# Extracted records:
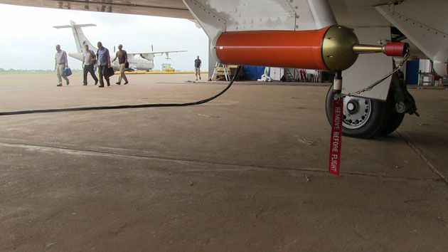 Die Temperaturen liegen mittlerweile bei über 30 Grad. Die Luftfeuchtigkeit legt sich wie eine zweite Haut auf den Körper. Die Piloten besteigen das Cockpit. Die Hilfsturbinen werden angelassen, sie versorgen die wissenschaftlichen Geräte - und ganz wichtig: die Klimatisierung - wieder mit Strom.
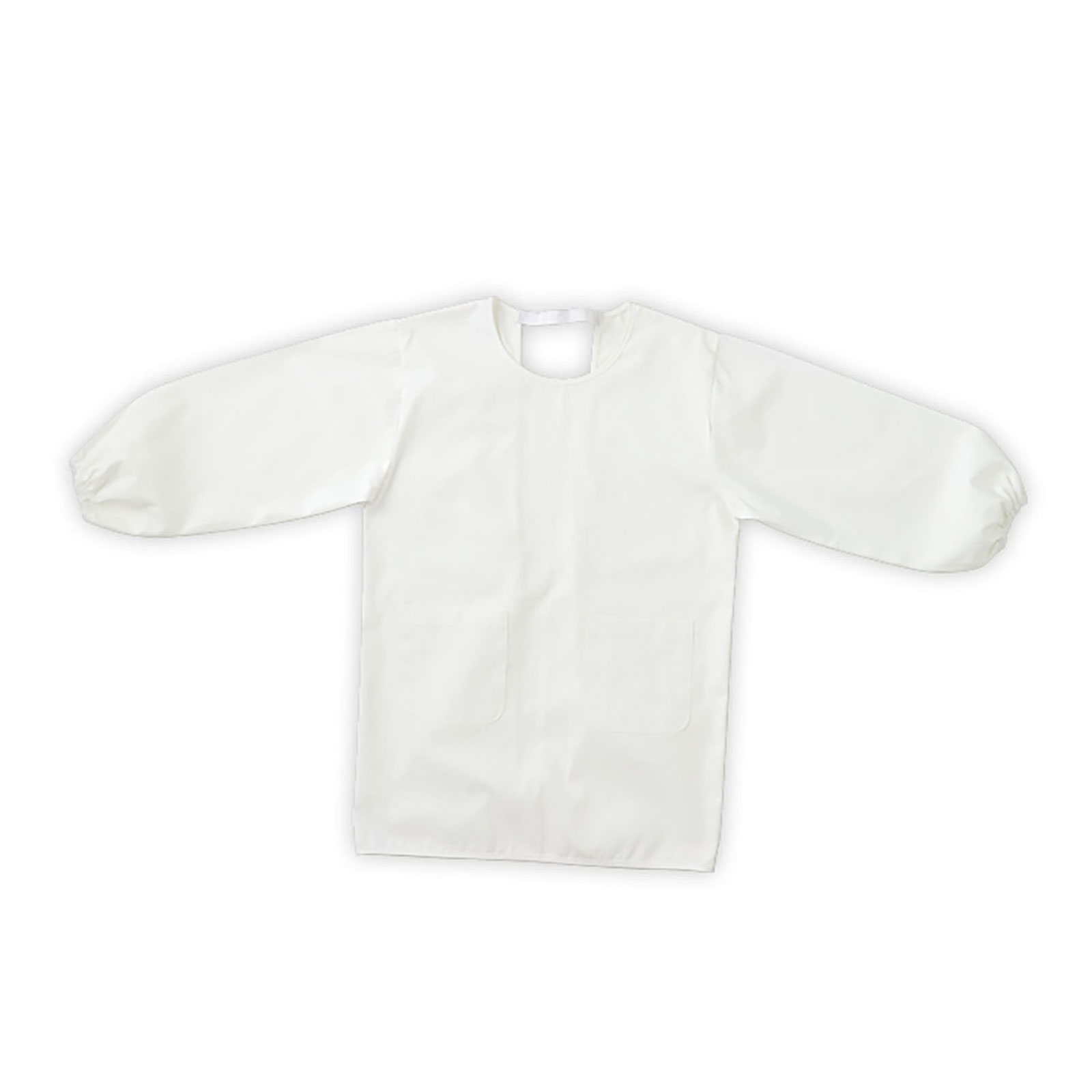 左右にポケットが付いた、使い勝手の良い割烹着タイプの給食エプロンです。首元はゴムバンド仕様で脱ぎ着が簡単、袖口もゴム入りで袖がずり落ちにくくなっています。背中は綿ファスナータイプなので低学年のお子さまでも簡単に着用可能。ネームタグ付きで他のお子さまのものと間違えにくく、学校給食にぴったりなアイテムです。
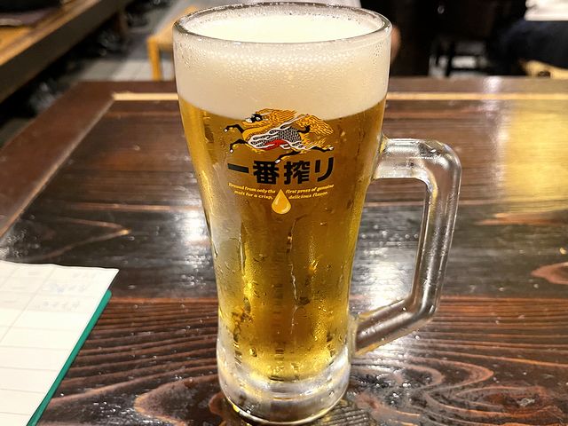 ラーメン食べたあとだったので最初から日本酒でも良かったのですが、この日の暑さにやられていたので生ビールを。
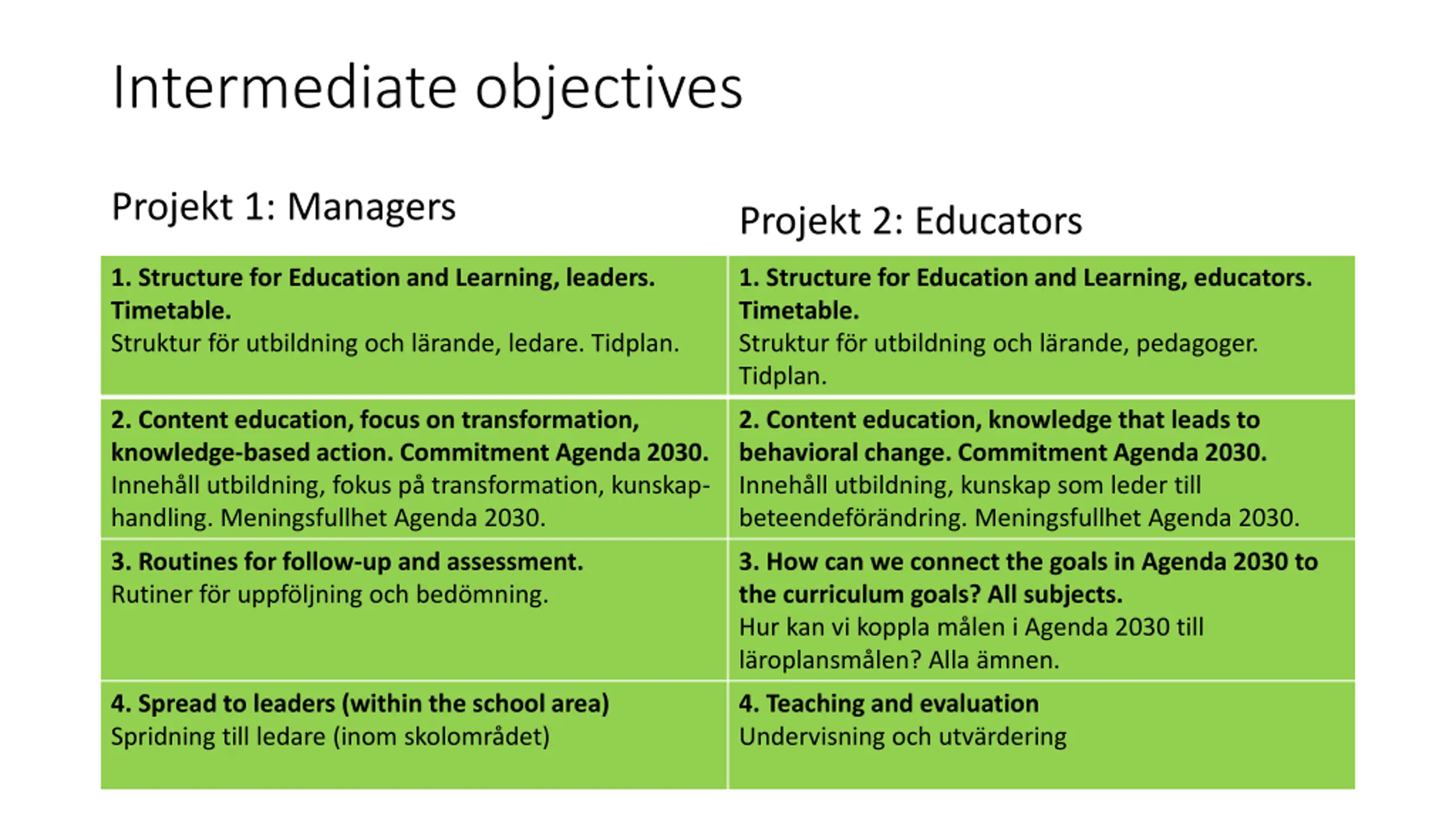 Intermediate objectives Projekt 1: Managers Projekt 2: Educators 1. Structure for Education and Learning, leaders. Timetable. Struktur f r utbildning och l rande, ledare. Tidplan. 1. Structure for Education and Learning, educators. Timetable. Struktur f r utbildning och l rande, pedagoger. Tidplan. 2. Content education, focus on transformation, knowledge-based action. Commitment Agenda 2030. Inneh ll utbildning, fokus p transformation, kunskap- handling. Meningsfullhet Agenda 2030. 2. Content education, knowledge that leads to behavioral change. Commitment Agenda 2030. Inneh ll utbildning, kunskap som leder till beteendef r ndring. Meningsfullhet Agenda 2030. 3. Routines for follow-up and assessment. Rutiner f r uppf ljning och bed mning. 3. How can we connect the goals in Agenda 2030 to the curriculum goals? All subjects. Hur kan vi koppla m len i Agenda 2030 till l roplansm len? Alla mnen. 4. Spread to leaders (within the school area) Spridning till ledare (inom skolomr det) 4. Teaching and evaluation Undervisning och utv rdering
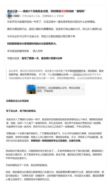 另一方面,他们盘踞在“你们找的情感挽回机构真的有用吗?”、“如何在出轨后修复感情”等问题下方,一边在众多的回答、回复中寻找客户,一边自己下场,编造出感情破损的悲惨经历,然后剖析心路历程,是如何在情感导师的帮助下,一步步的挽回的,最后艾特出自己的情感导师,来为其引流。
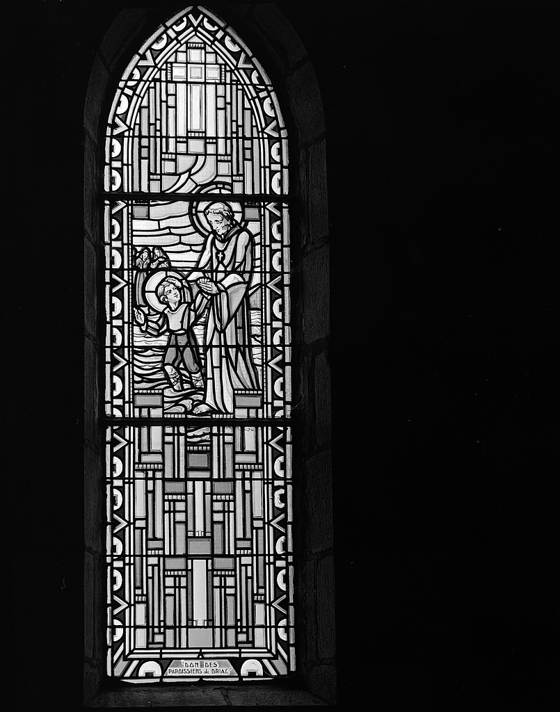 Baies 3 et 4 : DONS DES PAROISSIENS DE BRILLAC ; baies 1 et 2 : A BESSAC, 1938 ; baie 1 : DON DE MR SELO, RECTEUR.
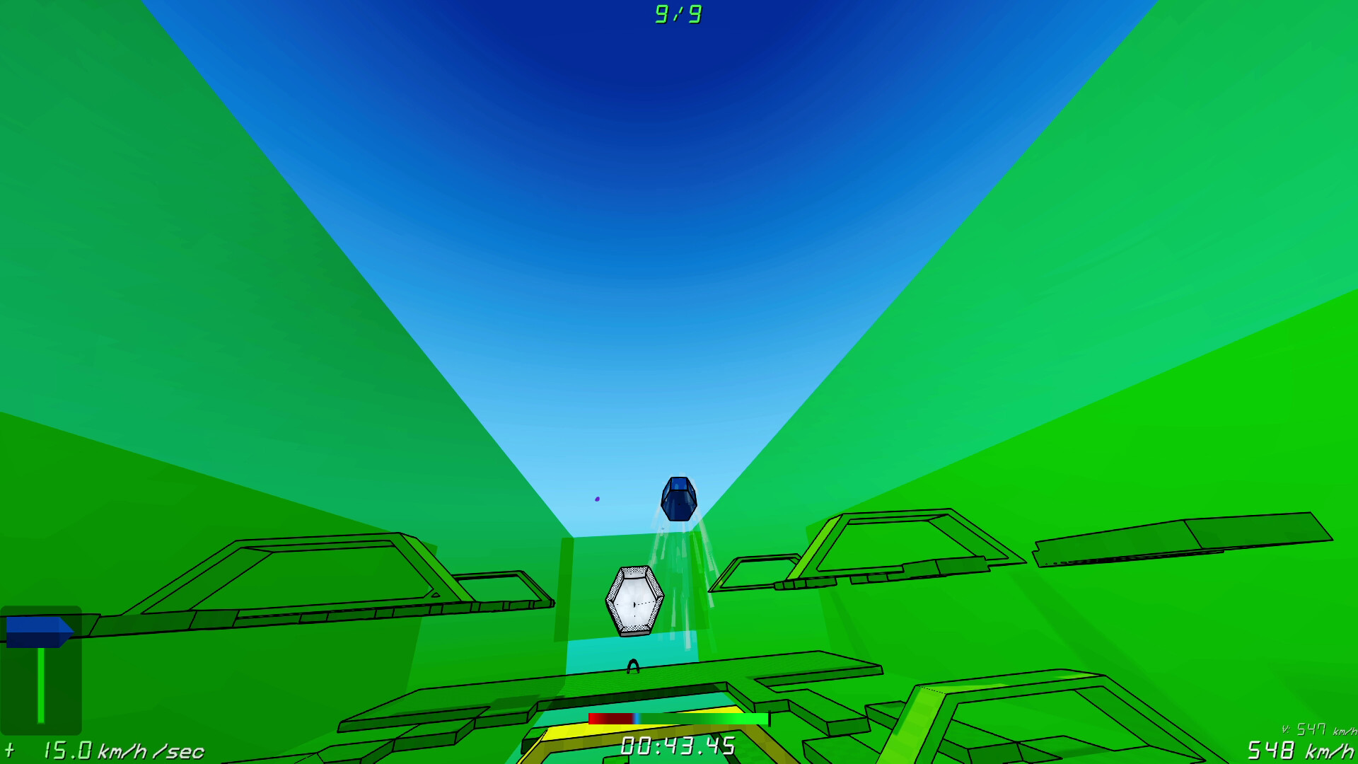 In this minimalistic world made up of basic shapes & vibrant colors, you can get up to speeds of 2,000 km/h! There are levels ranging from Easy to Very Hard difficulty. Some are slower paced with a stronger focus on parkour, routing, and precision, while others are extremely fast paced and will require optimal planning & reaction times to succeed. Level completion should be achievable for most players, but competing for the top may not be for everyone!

# Exercise brief:
Output exactly the lines of the listing above that start with the one holding "左右にポケットが付いた、使い" and go on through the one holding "ラーメン食べたあとだったので"; leave the pictures out.

# Written answer:
 左右にポケットが付いた、使い勝手の良い割烹着タイプの給食エプロンです。首元はゴムバンド仕様で脱ぎ着が簡単、袖口もゴム入りで袖がずり落ちにくくなっています。背中は綿ファスナータイプなので低学年のお子さまでも簡単に着用可能。ネームタグ付きで他のお子さまのものと間違えにくく、学校給食にぴったりなアイテムです。
 ラーメン食べたあとだったので最初から日本酒でも良かったのですが、この日の暑さにやられていたので生ビールを。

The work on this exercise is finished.